小児科、不妊外来、整形外科、呼吸器内科と、病棟でスキルを上げてきたので、さらに上をめざすために病棟に戻りたい。そして、教育にも興味があります。
というのは、実習に来る看護学生と接していて、心配に思うことが増えているからです。

単位さえくれればいいというふうに見える人もいます。さきほどの「目と手で考え、行うのが看護」というような話をしても響きません。もちろん現場に出て、経験を積むなかで変わっていくんでしょうけれど、学ぶ姿勢が薄れていっているように感じるんですね。

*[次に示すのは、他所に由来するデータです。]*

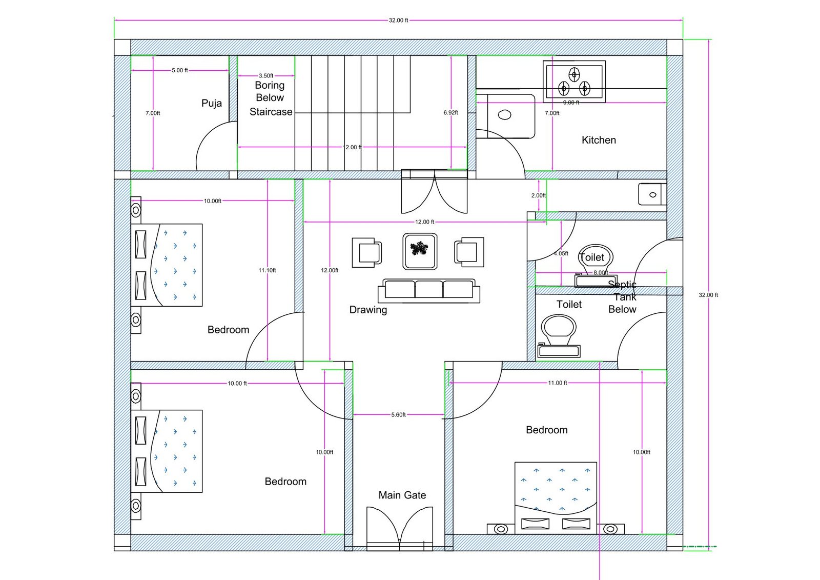 This efficiently planned 3BHK house plan for a 30×30 plot—built using an actual layout size of 32×32 ft—is an ideal design for families who need a compact, functional, and vastu-aligned home layout within a small plot area. Despite its compact footprint, the layout uses space intelligently to provide three spacious bedrooms, two toilets, a central drawing room, and a fully functional kitchen.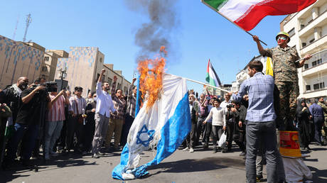Demonstrators burn Israeli flags during the funeral of seven Revolutionary Guard Corps officers killed in a strike on Iran's consulate in Damascus. Tehran, Iran, April 5, 2024
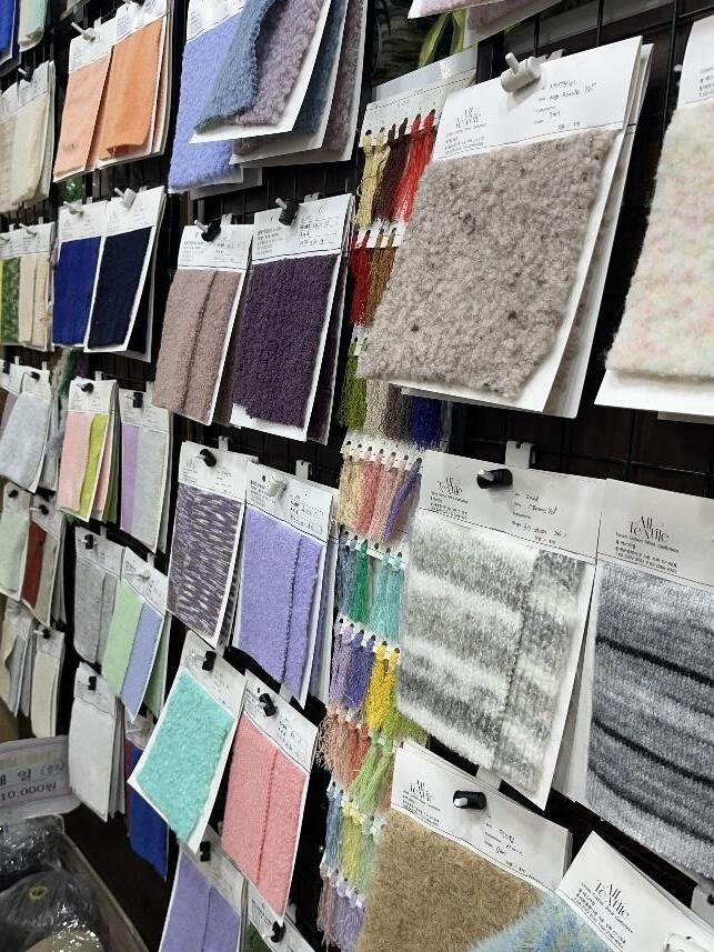 原本的創作計畫是製作一套針織毛衣,為此我特地前往東大門傳統市場尋找合適的材料。不 過,手搖針織機對於紗線的粗細有一定限制,而市面上販售的紗線多為粗毛線或混紡線,能 夠使用在手搖機上的細絞紗相對稀少。我在少數幾間店中才找到合適的材料,並花費大量時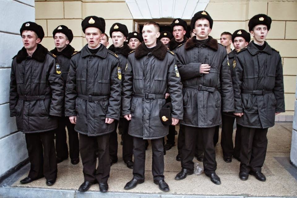 Форма ВМФ России включает несколько головных уборов. Это может быть бескозырная фуражка с лентами, на которых обозначено название корабля, либо простая надпись: «Военно-морской флот». На тулье бескозырки размещена кокарда в виде золотого якоря. Во времена Советского Союза кокарда была сделана в виде краба — красная звезда, обрамлённая золотыми листьями. Летняя фуражка шьётся из белой ткани и всегда идёт в комплекте с запасным чехлом. Зимой матросы ВМФ носят шапки-ушанки, сшитые из чёрного меха. Как выглядит в наше время зимняя форма ВМФ? Фото ниже демонстрирует ее внешний вид.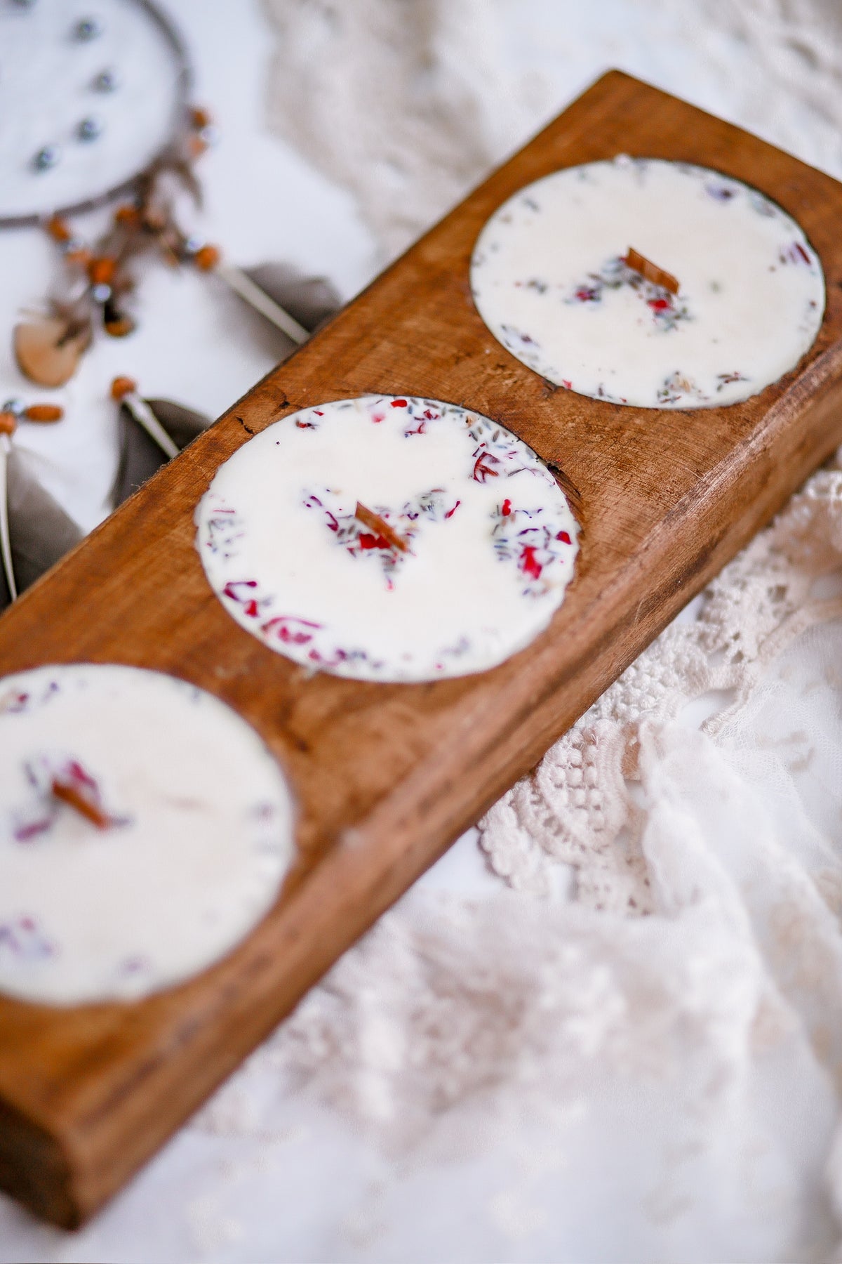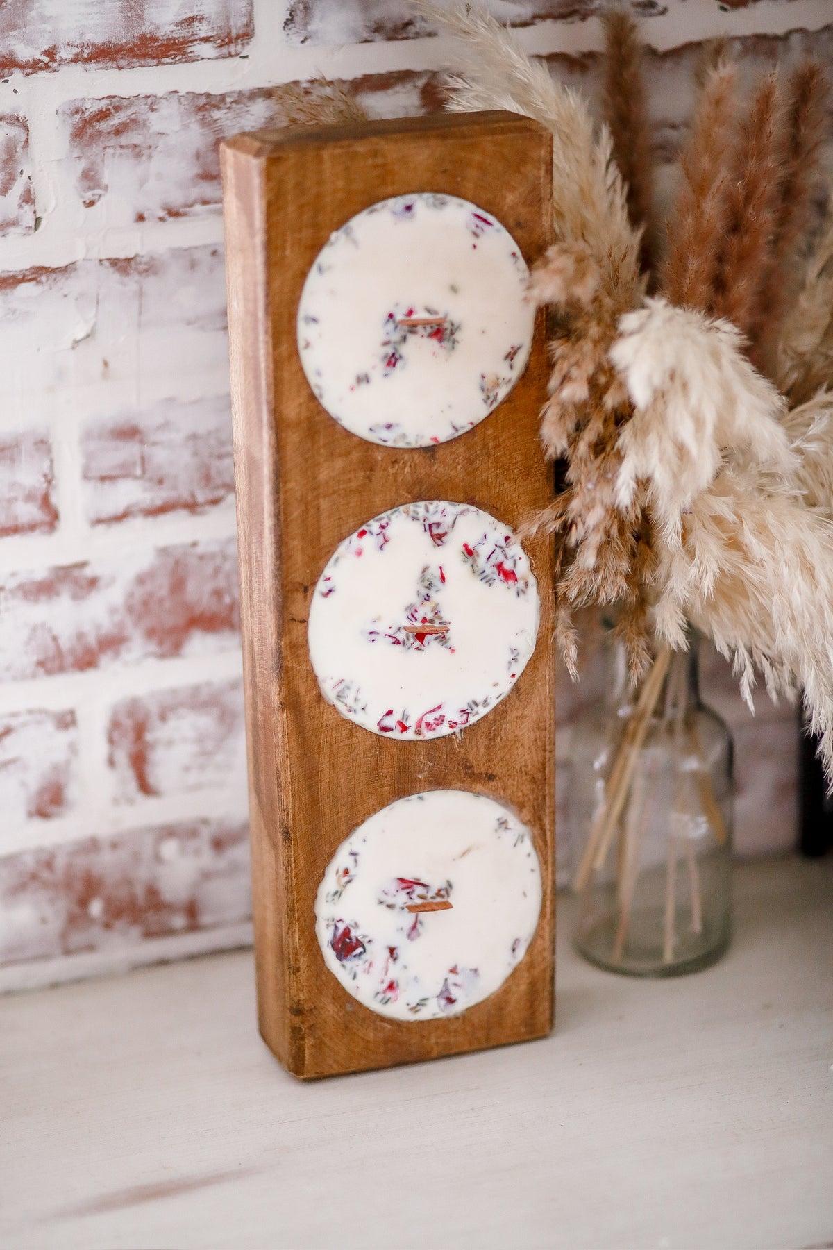 Our Double Cheese Mold Dough Bowl Candle is further accented with dried florals. These natural embellishments enhance the rustic aesthetic, transforming each candle into a standout piece in your home decor.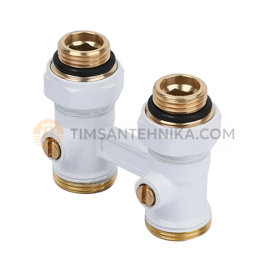Узел нижнего подключения радиатора с шаровыми кранами ПРЯМОЙ 1/2"x3/4" белый ME220CW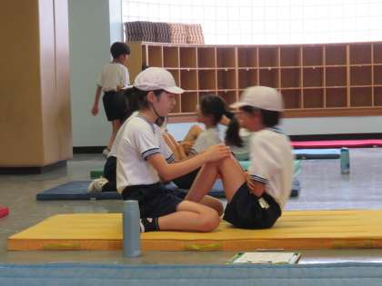 写真は、6年生「上体起こし」「ハンドボール投げ」の様子です。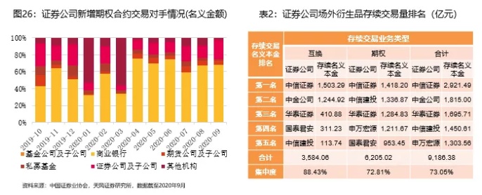 头部券商占据场外衍生品交易量的主要市场份额。存续名义本金规模较大的前五家证券公司在收益互换、场外期权中的全行业占比分别为 88.43%、72.81%,在整个场外衍生品业务中占到 73.05%。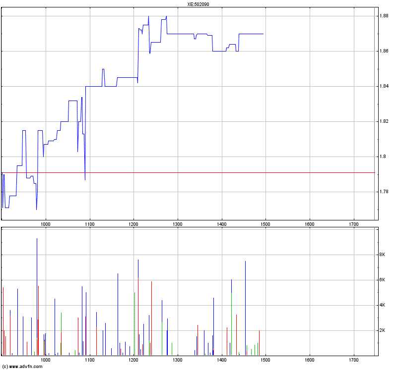Der Schlußkurs lag bei 1,845 für diesen Tag.. +0,045€ +2,50% zu gestern.. +0,15€ über die Woche oder +8,85%..

私がかつて教えてもらったように、看護師としてあるべき姿を伝えていきたいし、いろいろ教えてあげたい。だから、看護学校で教えることも将来的には考えてみたいと思っています。

下の子が小学校に入るまで、あと1年。そこが一つの区切りですが、子育て期間はまだまだ続きます。思いっきり仕事をしたくても、思うようにはいかないこともあるでしょうし、葛藤することも多いと思います。

それでも、こうした時はいつか終わります。
どんなに大変なことがあっても、辛抱してがんばれば出口が見つかり、新しいチャンスのときがやってくる。ずっとそう信じて生きてきたので、自分らしく、これからも前向きに進んでいくつもりです。